Эрик Ле Болок - Нож винодела
— Черт бы тебя побрал, прекрати издеваться надо мной!
Смотритель винного хранилища оставался невозмутимым. Надя снова начала записывать.
— Хватит, сажаем его!
— Если я не ошибаюсь, у меня есть право на один звонок.
Кюш с досадой протянул ему телефон. Неподходящий момент для нарушения законной процедуры.
— Давай!
Андре набрал номер:
— Алло… Да, это я… Боюсь, что задержусь… Меня только что арестовали за убийство месье Марьетта… Да… Спасибо.
Открыв дверь, Кюш обратился к дежурному полицейскому:
— Вызовите жандармов из Либурна, пусть подержат его до завтра.
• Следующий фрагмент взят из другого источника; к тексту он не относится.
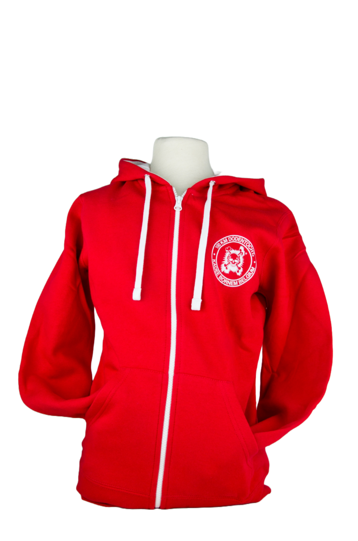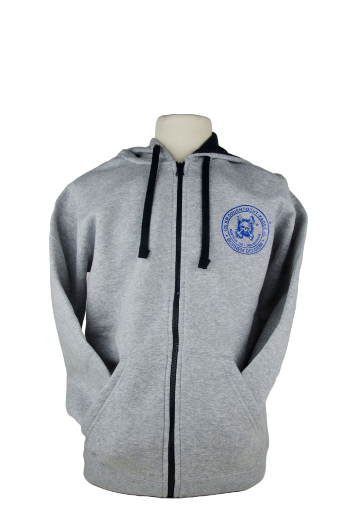 Sweater met rits en kap in 80% katoen en 20% polyester.

Я не желаю больше его видеть. — Затем, повернувшись к Наде: — Я звоню прокурору.
Капитан провел у телефона полчаса. Теперь его начальство в лице комиссара Журдана полностью в курсе состояния дел. Сам прокурор Пуаре одобрил содержание под стражей бывшего преступника. По характеру он Жавер[27] и относился к той категории людей, которые считали, что оступившийся человек рано или поздно согрешит опять. Что же касается Кюша, то у него не было ни малейшей уверенности в виновности Андре. Зато он нисколько не сомневался, что тот не говорил правды.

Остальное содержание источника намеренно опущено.